This is mostly an undocumented breaking change in regards to the new auto_connect behavior:

https://bugs.erlang.org/browse/ERL-643

flowerett · 2018-06-21T10:04:53Z

Hey guys,
just checked this out with my basic phoenix app, everything works:
https://github.com/flowerett/cluster21

From the message above from @beardedeagle I can see that name is not properly configured, maybe that can be a problem?
In the dummy app I use env vars and docker-entrypoint for that, but should be fine with vm.args as well.

=====
As to the https://bugs.erlang.org/browse/ERL-643

In OTP versions prior to 21.0 the behavior was a node could "connect" to itself, in OTP 21, this results in an exception.

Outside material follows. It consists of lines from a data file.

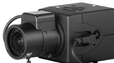
( 镜头不随摄像机提供 )

C10CH 是一款具有 540 TVL 分辨率和 0.3 lux 照度的超高分辨率的数字摄像机。此款摄像机具有自适应电源 (带有内置线锁定的 24 VAC 或带有内部同步的 12 VDC)，自动增益控制 (AGC)，电子快门控制 (ESC) 和无闪烁模式功能。 C10CH 同样包括不理想光线环境下的 AWB 白平衡功能，模拟日蚀功能可使自动光圈镜头在强逆光背景处产生清晰图像，逆光补偿功能可对图像进行调整以防止物体在强背光下显得太暗。这些功能可以通过屏幕菜单轻松实现。
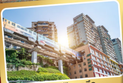
รถไฟฟ้าทะลุตึก

**เงื่อนไขเป็นไปตามที่บริษัทฯกำหนด ความคุ้มครองขึ้นอยู่กับแผนประกันภัย
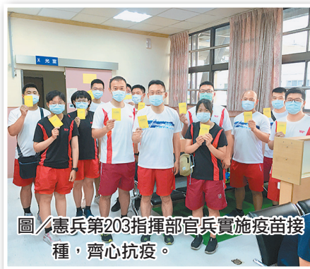
圖/憲兵第203指揮部官兵實施疫苗接種，齊心抗疫。

個人自主意願參加，並由醫官詳細說明相關資訊；另接種前對官兵量測體溫、血壓等健康評估，始實施疫苗接種作業，冀藉疫苗施打強化個人免疫，同時鼓勵同仁踴躍接種，齊心協力抵抗疫情，保有強健體魄，繼續守護國家安全。
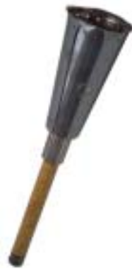
1952 – Ελσίνκι

I assume that some strategies can try to connect to itself. In the DNSPoll strategy, node() is explicitly removed:
https://github.com/bitwalker/libcluster/blob/master/lib/strategy/dns_poll.ex#L127

starbelly · 2018-06-21T16:50:35Z

I dunno... but I'm curious... I'm wondering what's the actual use case for connecting with yourself via node_connect/1 is?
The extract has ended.